In this Knowledge Sharing article, Mumshad Mannambeth and Salem Sampath, list the methodologies used in implementing a time-saving, automated, health check and capacity report generation process for large numbers of different types of arrays and switches in a shared cloud environment. This process uses numerous scripts developed in OS-specific shells and presentation tools, such as Excel, that can be prepared in minutes. The process eliminates the need for users to log in to each management workstation to inspect the array. Instead, health check scripts are run on the workstations using scheduled tasks and reports are automatically emailed to the administrators group.

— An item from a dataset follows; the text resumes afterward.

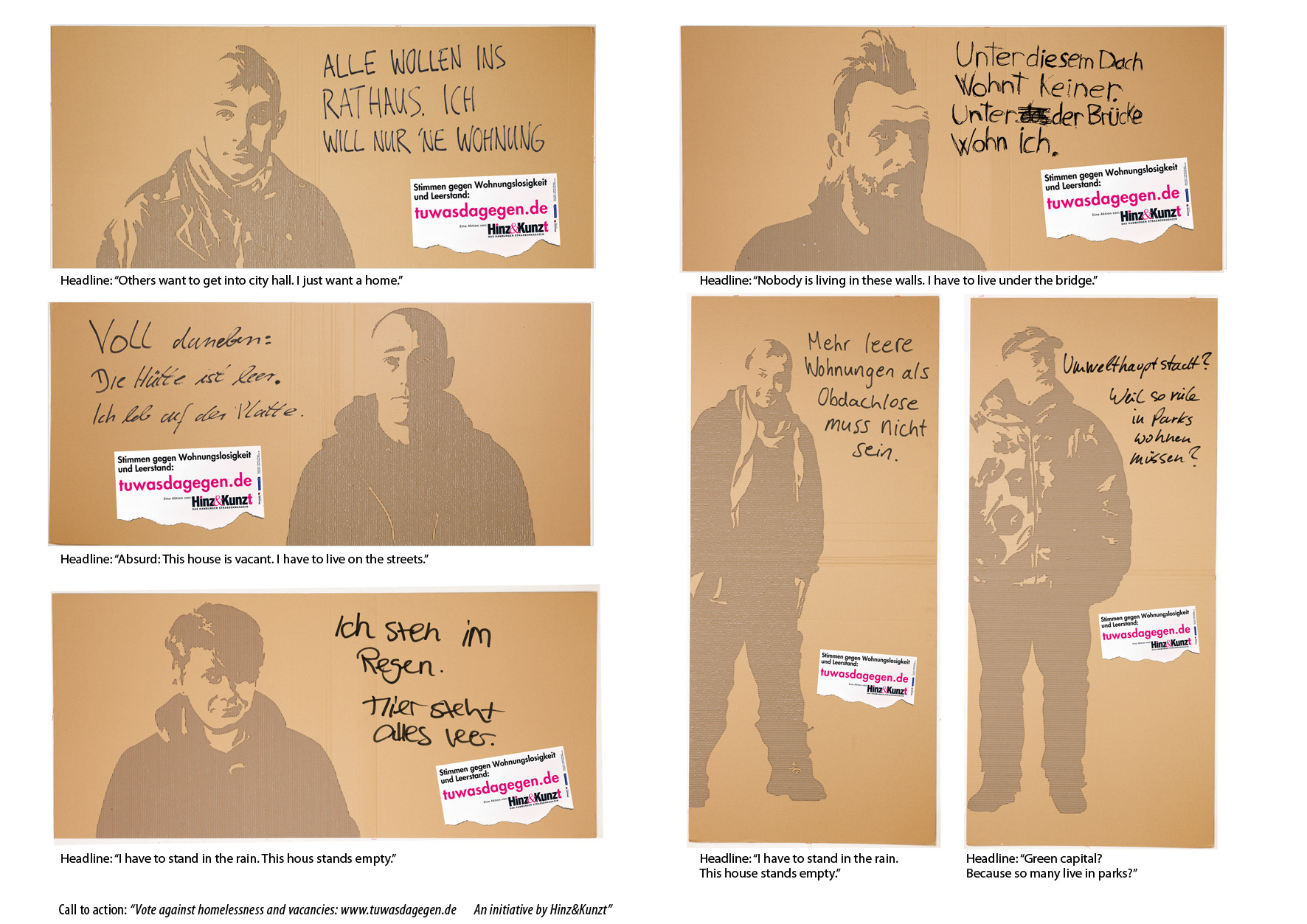 The street magazine Hinz&Kunzt wanted to make the problem of homelessness visible, by giving them a voice and achieving the public in time for the state elections coming up.

The article explores Health Check routines for different types of heterogeneous arrays and switches, including:
Hitachi HDS Arrays
IBM XIV Arrays
HP EVA/XP Arrays
The authors also discuss:
Scripts to perform health check on the above mentioned arrays and switches
Data gathering techniques
Emailing techniques from different OS Platforms
Automatic FTP uploading and downloading scripts
Analysis of collated reports using Excel VBA - Automation of health check reports from multiple Outlook emails to a single Excel-based report
The procedure described in this article has been successfully implemented in multiple major accounts reducing manual effort and time to perform health checks on a large number of arrays and switches. It is especially suitable for accounts monitoring multiple domains and heterogeneous products that cannot be monitored with a single tool.